On the flip side, instead of providing an explanation for the pairs trading profits, some authors ruled out many explanations, including mean-reversion as previously documented in the literature, unrealized bankruptcy risk, and the inability of arbitrageurs to take advantage of the profits due to short-sale constraints. For example, examining the economic drivers of this strategy, Chen, Chen, and Li discovered that the return is not driven purely by the short-term reversal of returns. Secondly, they decomposed the pair-wise stock return correlations into those that can be explained by common factors (such as size, book-to-market, and accruals) and those that cannot, and they found that the pairs correlations explainable by common factors drive most of the pairs trading returns. Thirdly, they found that the value-weighted profits of pairs trading were higher in firms in a richer information environment — their trading strategy performed poorly in the recent liquidity crisis, suggesting that the pairs trading profits are not primarily driven by the delay in information diffusion and liquidity provision. And lastly, they found that the return to this simple pairs trading strategy has diminished over time, in line with the adaptive market efficiency theory.

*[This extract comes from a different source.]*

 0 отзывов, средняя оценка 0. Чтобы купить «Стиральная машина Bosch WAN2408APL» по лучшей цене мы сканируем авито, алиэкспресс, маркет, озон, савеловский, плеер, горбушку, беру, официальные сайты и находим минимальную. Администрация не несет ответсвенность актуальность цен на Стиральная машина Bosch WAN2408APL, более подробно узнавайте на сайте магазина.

However, as we have seen from the work of Do and Faff, by augmenting the original pair matching method to incorporate the time-series aspect of historical prices, and/or by focusing on industries with a high level of homogeneity, high profitability can be maintained.

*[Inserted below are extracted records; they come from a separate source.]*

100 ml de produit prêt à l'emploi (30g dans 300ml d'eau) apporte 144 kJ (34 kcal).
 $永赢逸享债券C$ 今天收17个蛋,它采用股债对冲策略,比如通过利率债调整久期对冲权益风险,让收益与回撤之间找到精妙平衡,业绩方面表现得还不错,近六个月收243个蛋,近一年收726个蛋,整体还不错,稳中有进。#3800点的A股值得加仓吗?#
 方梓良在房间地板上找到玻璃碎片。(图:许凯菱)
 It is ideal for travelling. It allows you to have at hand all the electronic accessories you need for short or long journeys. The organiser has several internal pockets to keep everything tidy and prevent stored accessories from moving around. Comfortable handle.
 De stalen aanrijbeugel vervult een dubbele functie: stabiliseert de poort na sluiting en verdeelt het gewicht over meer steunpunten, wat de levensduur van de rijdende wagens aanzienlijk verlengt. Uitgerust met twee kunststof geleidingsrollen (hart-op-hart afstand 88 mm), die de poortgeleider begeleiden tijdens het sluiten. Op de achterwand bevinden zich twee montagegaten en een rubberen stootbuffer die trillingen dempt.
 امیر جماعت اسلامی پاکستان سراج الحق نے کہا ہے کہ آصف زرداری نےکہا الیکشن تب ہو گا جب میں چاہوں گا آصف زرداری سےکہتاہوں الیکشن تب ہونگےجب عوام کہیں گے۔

Factors that affect pairs trading with stocks
Some of them include the following:
- Liquidity crisis: When there is a liquidity crisis, the strategy tends to perform better, but that is not always the case as Chen, Chen, and Li found.

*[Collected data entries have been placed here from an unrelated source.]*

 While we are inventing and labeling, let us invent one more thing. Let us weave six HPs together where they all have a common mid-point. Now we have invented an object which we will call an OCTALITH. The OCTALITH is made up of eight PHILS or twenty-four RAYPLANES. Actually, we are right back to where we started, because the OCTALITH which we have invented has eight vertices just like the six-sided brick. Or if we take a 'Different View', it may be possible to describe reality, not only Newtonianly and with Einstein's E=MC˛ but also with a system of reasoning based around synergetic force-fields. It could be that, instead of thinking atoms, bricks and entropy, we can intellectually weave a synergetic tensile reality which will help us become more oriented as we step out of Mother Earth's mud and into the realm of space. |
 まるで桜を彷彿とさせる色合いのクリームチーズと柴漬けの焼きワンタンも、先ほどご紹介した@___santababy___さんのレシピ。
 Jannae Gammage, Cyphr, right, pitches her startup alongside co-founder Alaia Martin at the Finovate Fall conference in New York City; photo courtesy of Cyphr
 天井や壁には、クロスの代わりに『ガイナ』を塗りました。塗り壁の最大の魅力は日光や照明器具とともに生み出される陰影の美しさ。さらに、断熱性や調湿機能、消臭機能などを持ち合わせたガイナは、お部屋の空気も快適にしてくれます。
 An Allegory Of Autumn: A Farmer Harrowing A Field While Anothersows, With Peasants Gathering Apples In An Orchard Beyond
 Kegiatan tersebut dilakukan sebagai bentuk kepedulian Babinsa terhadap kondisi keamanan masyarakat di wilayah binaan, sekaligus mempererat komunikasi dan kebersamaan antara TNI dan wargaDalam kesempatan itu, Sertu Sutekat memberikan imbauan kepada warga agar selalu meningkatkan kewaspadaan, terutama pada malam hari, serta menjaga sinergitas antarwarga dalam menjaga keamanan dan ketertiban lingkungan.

- Volatility changes: A change in volatility in one or both of the stocks in a pair can affect the profitability of the strategy, either positively or negatively.
- Trading costs: Of course, high trading fees can reduce profitability.
Why take advantage of pair trading with stocks
But interestingly, the strategy performs even better when there are market crises, as was shown by the work of Bowen and Hutchinson.
How to implement pair trading
Create an investment universe that consists of stocks from the various U.S exchanges, but make sure illiquid stocks are not part of the investment universe. Next, create the cumulative total return index for each stock (dividends included), but set the starting price during the formation period to $1 (price normalization).
Use a twelve-month formation period and six-month trading period to find the right pairs. You find the matching partner for each stock by looking for the security that minimizes the sum of squared deviations between two normalized price series. Pick top 20 pairs with the smallest historical distance measure. Open a long-short position when pair prices have diverged by two standard deviations — buy the loser and sell the winner — and close your positions when prices revert.